Старик еще спрашивал Сашу о чем-то, но она не откликалась: пелена слез застила ей глаза, а в ушах звучал отцовский голос, повторяющий: «Нет ничего ценнее человеческой жизни». Настала минута, когда она по-настоящему поняла его.
То, что творилось на Тульской, больше не было для Гомера загадкой. Все объяснилось проще и страшнее, чем он воображал. Но история еще более страшная начиналась только теперь вместе с расшифровкой найденного блокнота. Дневник оказался для Гомера черной меткой, билетом в один конец, и, получив его на руки, старик уже не мог от него избавиться, сколько бы он ни старался его сжечь.
Кроме того, его подозрения, касающиеся Хантера, теперь подкреплялись весомыми, однозначными уликами, хотя Гомер не имел ни малейшего представления, что ему с ними делать.
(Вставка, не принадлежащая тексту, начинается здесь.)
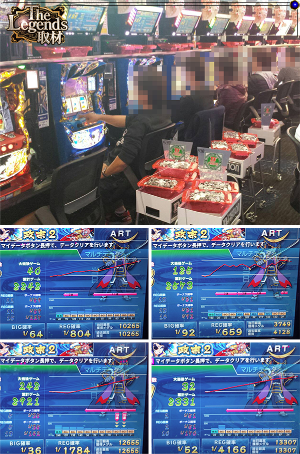 2箱アリ(2台)。1箱アリ(6台)。BIG17回/REG17回(ボーナス合算確率1/100)/最大2773枚獲得
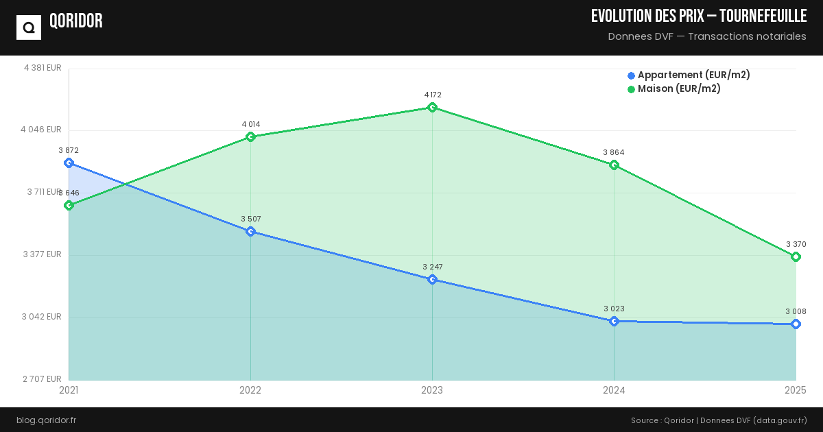 L'évolution des prix à Tournefeuille dépend du quartier, du type de bien et de la conjoncture. Nos données, basées sur les transactions réelles enregistrées par les notaires, vous permettent de suivre les tendances récentes.
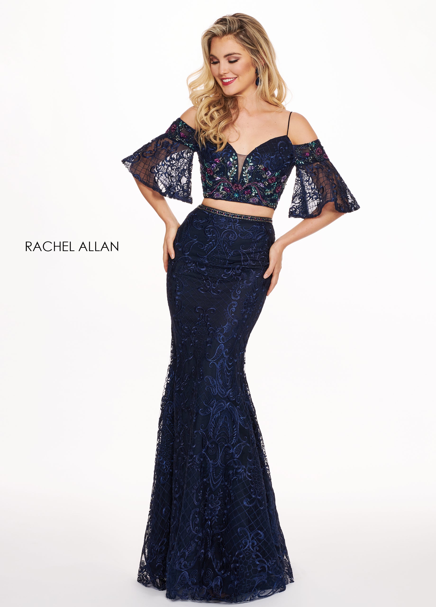 Boho-inspired dresses are our favorite type to wear for prom. This is a two-piece that has an off-the-shoulder top with lace and multi-colored embroidery. While the skirt itself is made of all lace, this is a pretty prom style that you will want to wear for your big event.
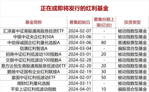 其中,仅3月以来启动首发的就有4只,比如中银中证央企红利50、中信保诚国企红利量化选股、信澳红利智选、招商中证红利低波动100指数。另有汇添富中证港股通高股息投资ETF、交银中证红利低波动100指数、易方达恒生港股通高股息低波动ETF、鹏扬中证国有企业红利联接、富国中证红利低波动ETF等也在发行中。
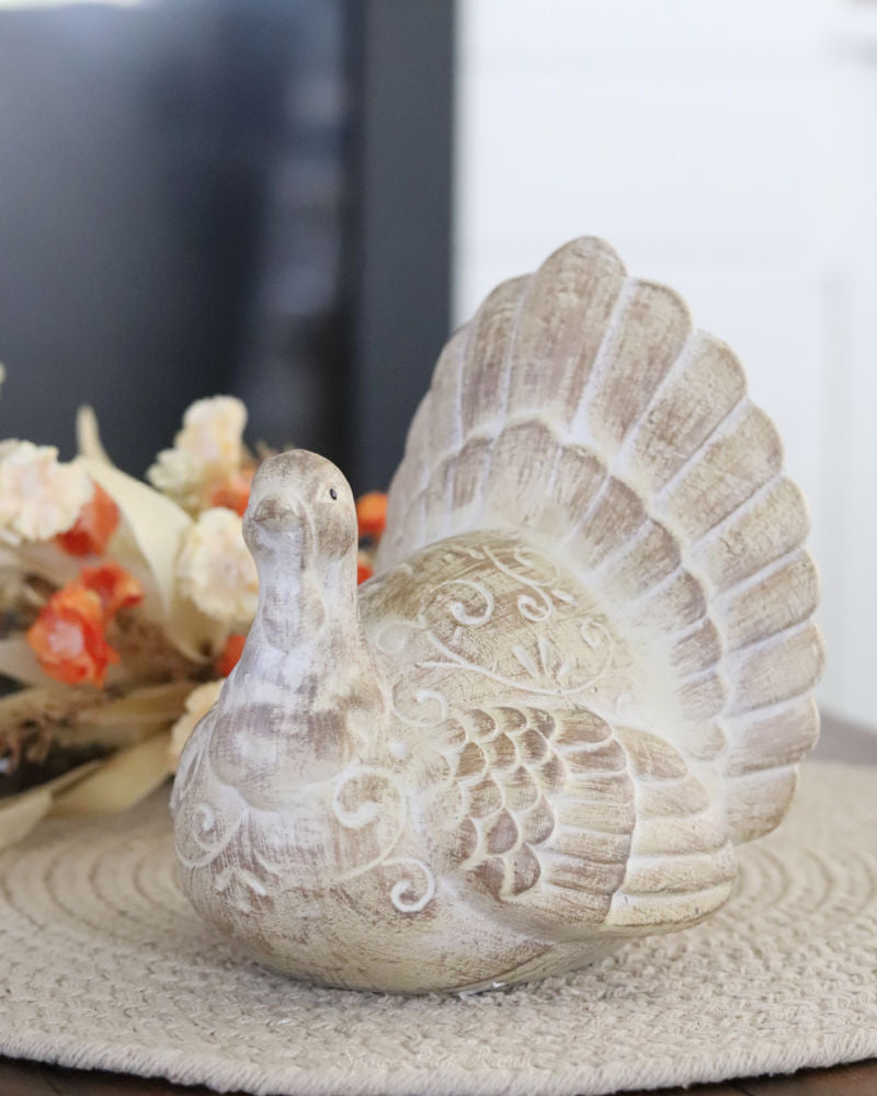 Spruce up your Thanksgiving table or fall display with this adorable Brown Whitewashed Resin Turkey. Made of resin, this turkey is designed with a lightly distressed and unique carved look that will add a touch of whimsy to any setting. With an overall brown colour and subtle whitewashed details, it will easily complement any décor. Due to the nature of materials and design process, minor imperfections are part of the charm. Sold individually. Accessories sold separately.

Все, что он прочел в дневнике, полностью противоречило утверждениям бригадира. Тот попросту лгал, и лгал осознанно. Старик должен был разобраться, во имя чего была эта ложь, да и был ли в ней какой-то смысл. От этого зависело и то, решится ли он следовать за Хантером дальше, и то, обернется ли его приключение героическим эпосом или кошмарной безоглядной бойней, у которой не останется живых свидетелей.
Первые пометки в блокноте были датированы днем, когда караван без потерь миновал Нагорную и вошел на Тульскую, не встретив никакого сопротивления…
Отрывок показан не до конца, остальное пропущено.